• **Action item**
When writing out the entries below, keep only the lines from the line with "Dennoch gab es" to the line with "当表演《黄金甲》的COSER", both included, exactly as they are, and leave the pictures aside.
[Opening Record extracts section]
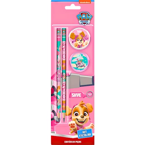 Descrição do produto : Leve para a escola a diversão e o encanto da Patrulha Canina com o kit escolar da Skye! Perfeito para crianças que adoram essa turma de heróis, esse kit traz 4 peças essenciais para o dia a dia escolar. : Detalhes técnicos : Marca : SUMMIT Código: : 117277 Dimensões do Produto : 26 X 8 X 2 CM : Contém: 3 Lápis Preto HB: 2 lapis HB com corpo arredondado + 1 borracha de textura macia e livre de PVC + 1 apontador com lamina antiferrugem e com deposito que evita sujeiras. : Tipo de material : Plastico : Código de barras : 7908673905567 :
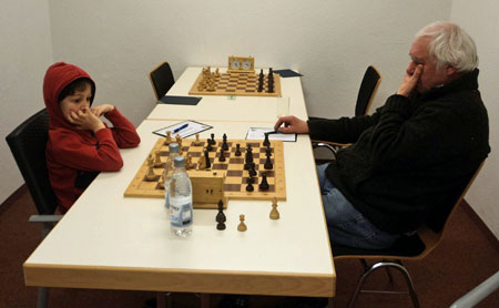Dennoch gab es einige Überraschungen, für die vor allem die traditionell zahlreich vertretenen Jugendlichen im Feld verantwortlich waren. Der 15-jährige Moritz Lückerath (Düsseldorfer SK, 1700) konnte Bernhard Nagel (Wiesbadener SV, 2191) bezwingen, während Julian Gula (12, SF Düsseldorf, 1586) mit Schwarz ein Remis gegen Lokalmatador Joachim Görke erreichte. Ein besonderes Generationenduell gab es am letzten Brett: dort spielte der jüngste Teilnehmer, der 8-jährige Jonas Jahrke aus Essen, der vom bekannten GM Sebastian Siebrecht trainiert wird, gegen den zweitältesten Spieler, im Turnier, Helmut Meckel, unbeeindruckt auf und erzielte ein verdientes Remis.
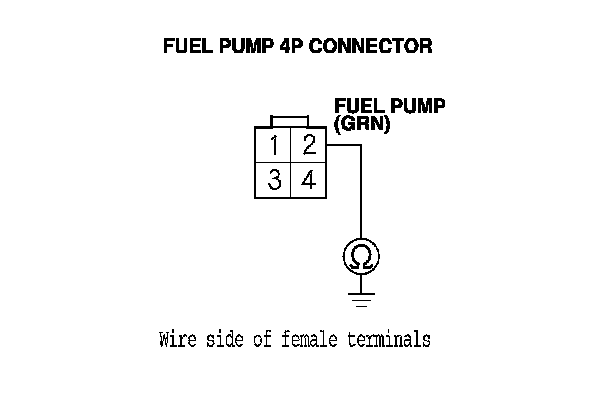 49. Check for continuity between PGM-FI main relay 2 (FUEL PUMP) 4P connector terminal No. 1 and body ground.
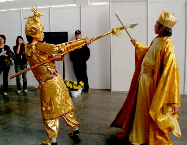 当表演《黄金甲》的COSER们被人群簇拥着离开舞台,狂热的Fans立即围堵了“翼漫堂”展位前的空间,演员们顾不上演出的疲劳,与大家合影留念。“皇上”的扮演者章扬同学淋漓尽致地表现了一位王者的威严,而金盔金甲、手持金剑的“杰皇子”扮演者更是引起了大家的注意,由于化妆后的他与电影中的“杰皇子”非常相似,观众争先恐后与他合影,小小的展位前被观众围得水泄不通。
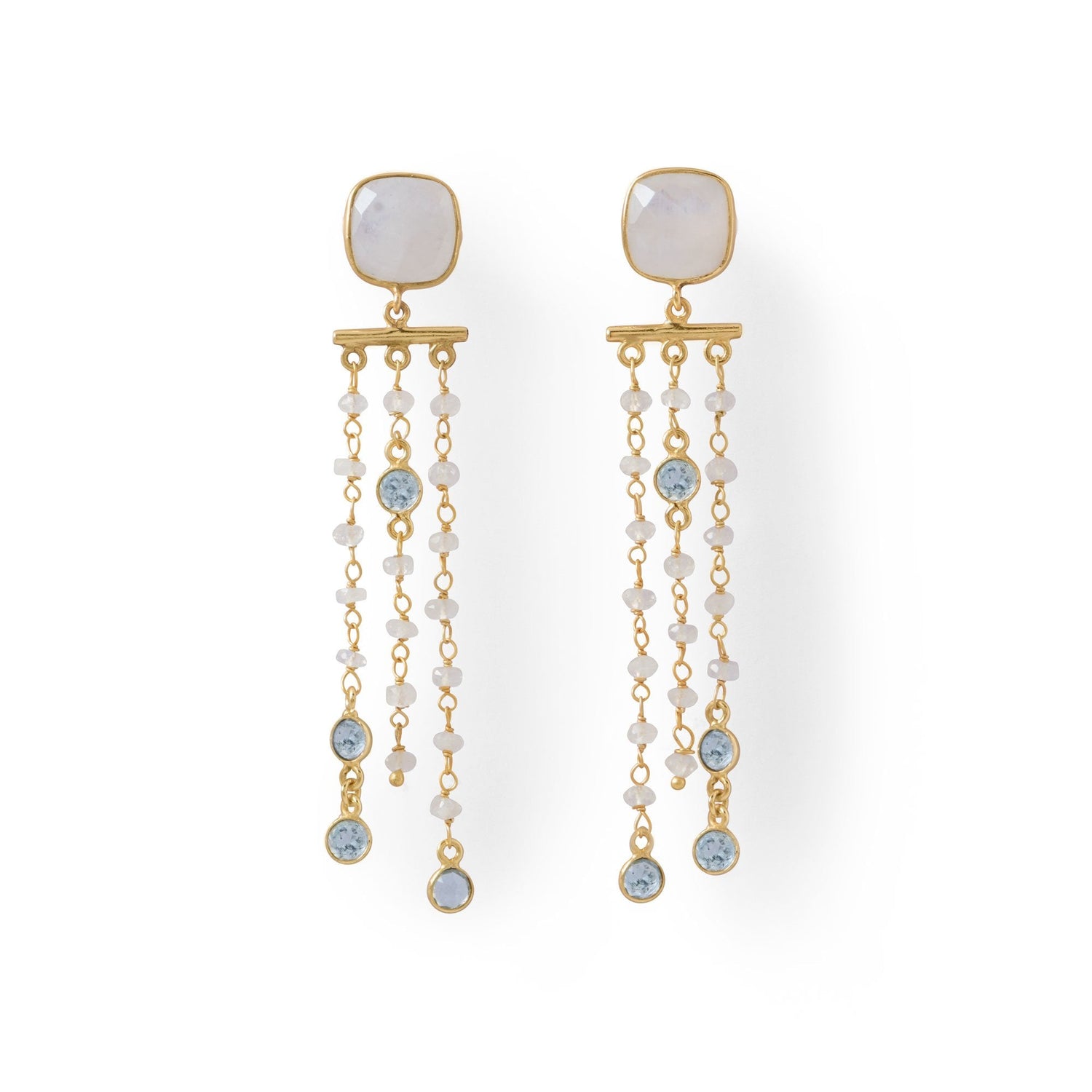 Crafted in 18K gold over sterling silver with rainbow moonstone and blue topaz stones. Earrings measure 2.85 inches in length.
[Closing Record extracts section]
• **Answer area**
Dennoch gab es einige Überraschungen, für die vor allem die traditionell zahlreich vertretenen Jugendlichen im Feld verantwortlich waren. Der 15-jährige Moritz Lückerath (Düsseldorfer SK, 1700) konnte Bernhard Nagel (Wiesbadener SV, 2191) bezwingen, während Julian Gula (12, SF Düsseldorf, 1586) mit Schwarz ein Remis gegen Lokalmatador Joachim Görke erreichte. Ein besonderes Generationenduell gab es am letzten Brett: dort spielte der jüngste Teilnehmer, der 8-jährige Jonas Jahrke aus Essen, der vom bekannten GM Sebastian Siebrecht trainiert wird, gegen den zweitältesten Spieler, im Turnier, Helmut Meckel, unbeeindruckt auf und erzielte ein verdientes Remis.
 49. Check for continuity between PGM-FI main relay 2 (FUEL PUMP) 4P connector terminal No. 1 and body ground.
 当表演《黄金甲》的COSER们被人群簇拥着离开舞台,狂热的Fans立即围堵了“翼漫堂”展位前的空间,演员们顾不上演出的疲劳,与大家合影留念。“皇上”的扮演者章扬同学淋漓尽致地表现了一位王者的威严,而金盔金甲、手持金剑的“杰皇子”扮演者更是引起了大家的注意,由于化妆后的他与电影中的“杰皇子”非常相似,观众争先恐后与他合影,小小的展位前被观众围得水泄不通。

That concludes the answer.